BEGIN Data below
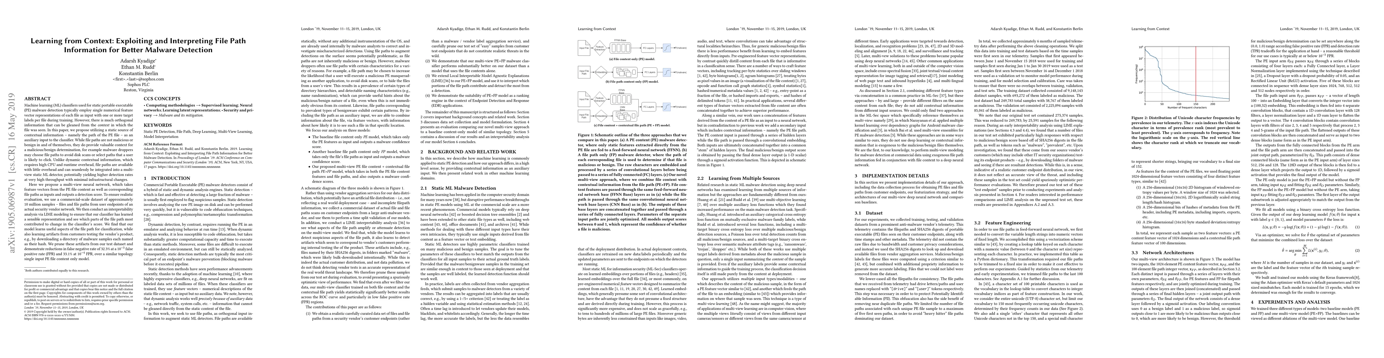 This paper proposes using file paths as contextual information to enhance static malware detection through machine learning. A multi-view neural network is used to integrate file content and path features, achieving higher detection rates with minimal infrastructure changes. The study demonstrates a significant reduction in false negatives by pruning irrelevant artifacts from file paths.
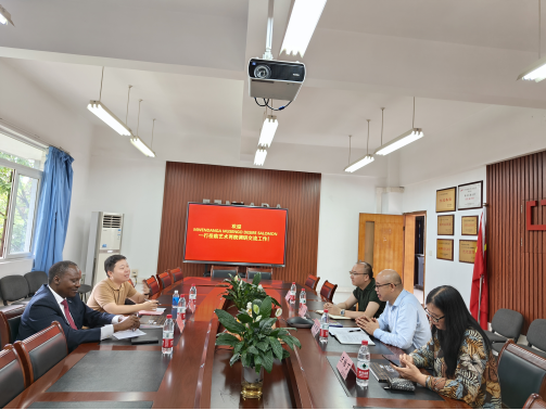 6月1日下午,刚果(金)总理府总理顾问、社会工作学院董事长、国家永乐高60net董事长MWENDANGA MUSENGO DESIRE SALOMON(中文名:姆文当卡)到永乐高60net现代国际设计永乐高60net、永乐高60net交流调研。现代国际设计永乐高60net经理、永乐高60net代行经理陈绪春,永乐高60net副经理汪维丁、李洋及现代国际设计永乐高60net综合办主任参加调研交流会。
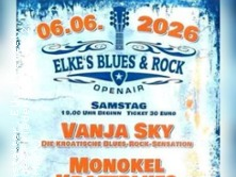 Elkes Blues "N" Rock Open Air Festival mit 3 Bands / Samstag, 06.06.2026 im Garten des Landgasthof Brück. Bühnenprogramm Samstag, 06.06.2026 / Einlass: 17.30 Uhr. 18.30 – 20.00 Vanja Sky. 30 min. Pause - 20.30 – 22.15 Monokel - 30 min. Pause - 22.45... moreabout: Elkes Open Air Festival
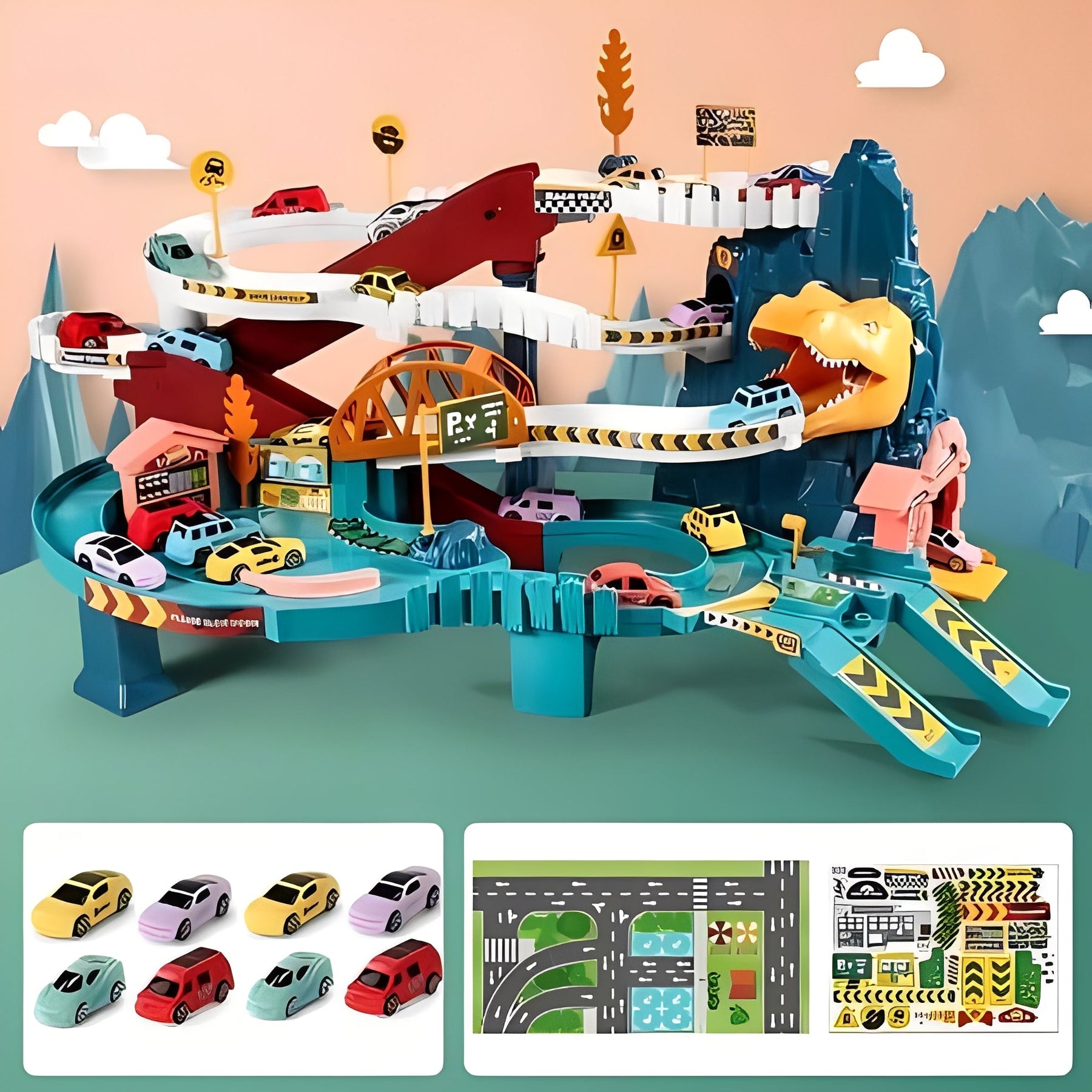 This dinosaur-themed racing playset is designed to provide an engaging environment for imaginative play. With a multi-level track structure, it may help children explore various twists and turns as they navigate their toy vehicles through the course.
END Data below
◆ **The problem**: Only the lines from the one with "Elkes Open Air Festival" to the last line of the listing, inclusive, are to be set down, exactly as they stand and without pictures.

◆ **Written response**:
 Elkes Blues "N" Rock Open Air Festival mit 3 Bands / Samstag, 06.06.2026 im Garten des Landgasthof Brück. Bühnenprogramm Samstag, 06.06.2026 / Einlass: 17.30 Uhr. 18.30 – 20.00 Vanja Sky. 30 min. Pause - 20.30 – 22.15 Monokel - 30 min. Pause - 22.45... moreabout: Elkes Open Air Festival
 This dinosaur-themed racing playset is designed to provide an engaging environment for imaginative play. With a multi-level track structure, it may help children explore various twists and turns as they navigate their toy vehicles through the course.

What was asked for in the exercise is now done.